Setting up ProtGraph

You can download ProtGraph directly from pypi. It is also available in bioconda. The installation instruction can be found here. ProtGraph is also installable directly from this repository and from pip:

pip install protgraph

# OR

conda install -c bioconda protgraph 

# OR

git clone [email protected]:mpc-bioinformatics/ProtGraph.git
cd ProtGraph/
pip install .

# OR 

pip install git+https://github.com/mpc-bioinformatics/ProtGraph.git

You can use [full] if you want to install ProtGraph with all its dependencies. To see an overview of possible parameters and options use: protgraph --help. The help-output contains brief descriptions for each flag. Also check out all other available commands under protgraph_.

Troubleshooting

ProtGraph has many dependencies which are mostly due to the export functionalities. For the dependency psycopg, it may be necessary to install PostgreSQL on your operating system, so that the wheel can be built. It should be sufficient to install it as follows sudo pacman -S postgres (adapt this for apt and alike).

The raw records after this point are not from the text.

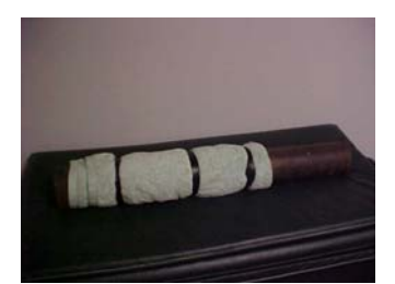
3.1.14. Forty-five pound pipe weight or equivalent.
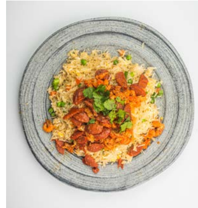
CRAWFISH FRIED RICE
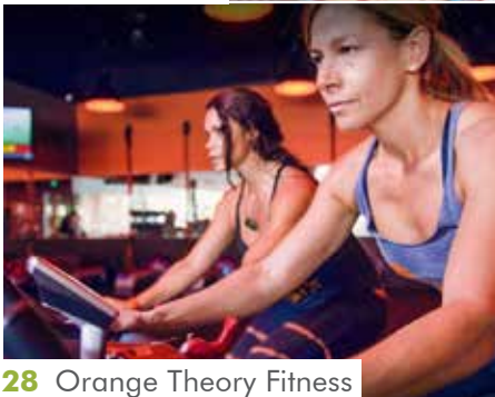
28 Orange Theory Fitness
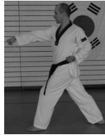
7 Ap-gubi Momtong-baro-jirugi
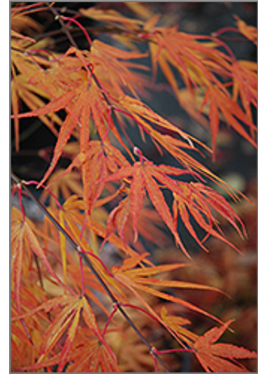
Scolopendrifolium Japanese Maple in fall

Scolopendrifolium Japanese Maple is a fine choice for the yard, but it is also a good selection for planting in outdoor pots and containers. Its large size and upright habit of growth lend it for use as a solitary accent, or in a composition surrounded by smaller plants around the base and those that spill over the edges. It is even sizeable enough that it can be grown alone in a suitable container. Note that when grown in a container, it may not perform exactly as indicated on the tag - this is to be expected. Also note that when growing plants in outdoor containers and baskets, they may require more frequent waterings than they would in the yard or garden.
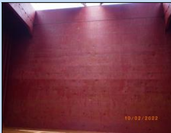
4. Stbd side plating and tank top

NOTE: UniProt updated the SP-EMBL-Format (August 3. 2022) which is not compatible anymore with the biopython version up to 1.79. If you encounter errors, please try this version, which can be installed with:

pip install git+https://github.com/biopython/biopython.git@947868c487a12799d51173c5f651a44ecb3fb6fa

For the SQLite-databases, we use the dependency apsw from package. It can be installed via:

pip install git+https://github.com/rogerbinns/apsw.git

If the command protgraph cannot be found, make sure that you have included the python executable-folder in your environment variable PATH. (If pip was executed with the flag --user, then the binaries should be available in the folder: ~/.local/bin)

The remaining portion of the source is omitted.